Please contact us if you require any further information.
Key Takeaways
- Private AI utilises the latest in transformer technology to deliver the highest possible PII detection performance. At the same time, Private AI runs tens of times faster that BERT-style models and hundreds of times faster than LLMs without compromising accuracy.
- CPU instances are fine for most use cases, with even a single CPU core able to process 500 words/s.
-
For very large deployments, GPU instances are recommended. A single low cost inferance instance such as the
g4dn.2xlarge
($0.752 per hour) can process 1GB of unicode text in under an hour. -
Hardware type matters.
m5zn
instances powered by recent Intel Xeon CPUs with AVX512 VNNI support perform over 3X faster than generic instances likec5
. For this reason, it is recommended to use the hardware specified in the system requirements . -
It is best to avoid AWS Fargate, which is typically provisioned with older CPUs like the
c5
. - Latency scales approximately linearly with request length. Throughput is unaffected.
- Batching does not improve throughput significantly. Instead, it is recommended to use a large number of concurrent requests.
- GPU instances are recommended when processing files.
CPU
The below table illustrates the performance of the CPU container on various AWS instance types:
Instance Type | Throughput (words/sec) | Latency for 100 word request (ms) |
---|---|---|
c5.large | 161 | 620 |
c5a.large | 123 | 816 |
m5.large | 143 | 698 |
m5n.large | 369 | 271 |
m5zn.large | 503 | 199 |
For best throughput, it is recommended to use single logical core workers. The below table illustrates the scaling efficiency when running the container on multiple CPU cores:
Instance Type | Logical CPU Cores | Throughput (words/sec) | Latency for 100 word request (ms) | Scaling Efficiency (%) |
---|---|---|---|---|
m5zn.large | 1 | 503 | 198.82 | 100 |
m5zn.3xlarge | 6 | 1878 | 53.2 | 62 |
m5zn.6xlarge | 12 | 2457 | 40.64 | 41 |
The default accuracy_mode
value high
offers best PII detection performance, however it can be changed to trade PII detection performance for speed:
Accuracy Mode | Throughput (words/sec) | Latency for 100 word request (ms) |
---|---|---|
standard | 2583 | 38.67 |
standard high & standard high multilingual | 1473 | 67.83 |
high & high multilingual | 503 | 198.82 |
GPU
Below are benchmarks of the GPU container running on a g4dn.2xlarge
instance when optimized for throughput with 128 concurrency:
Accuracy Mode | Throughput (words/sec) | Latency for 100 word request (ms) |
---|---|---|
standard | 57000 | 198 |
standard high & standard high multilingual | 50700 | 229 |
high & high multilingual | 21000 | 530 |
The above GPU container benchmarks are optimized for throughput. Latency as low as 10ms can be achieved when using a lower number of concurrent requests.

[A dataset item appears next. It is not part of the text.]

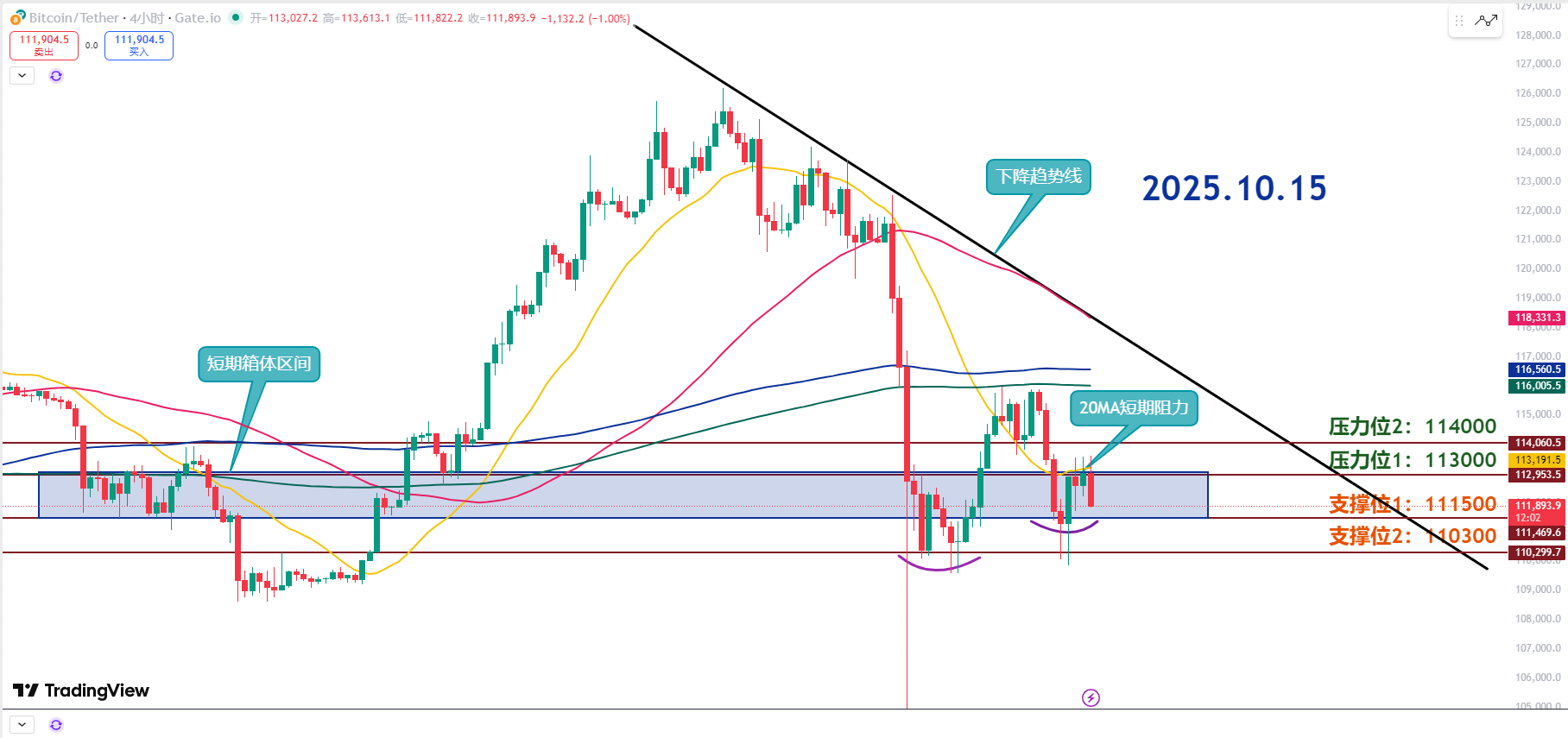 第一支撑111.5K,只要不跌破111.2K,短线还有修复希望;要是能在这一带收稳,有机会出一波短线反弹。

Below are benchmarks of the CPU and GPU container for typical deployments to help with file processing estimates. PDFs were pre-processed to split large files into 5 page chunks to improve throughput via parallelization.
Instance Type | Throughput (pages/sec) |
---|---|
g4dn.2xlarge | 1.41 |
Audio
Below are benchmarks of the CPU and GPU container for the typical deployments to help with audio file processing estimates.
Instance Type | Standard ASR Throughput | Premium ASR Throughput |
---|---|---|
g4dn.2xlarge (GPU image) | Not available for GPU image | 20x realtime |
m5zn.xlarge (CPU image) | 2x realtime | Not available for CPU image |
Note: Benchmarks for Audio are given as the multiple of the audio length. For example, "20x realtime" means 20 minutes of audio will be processed in a minute.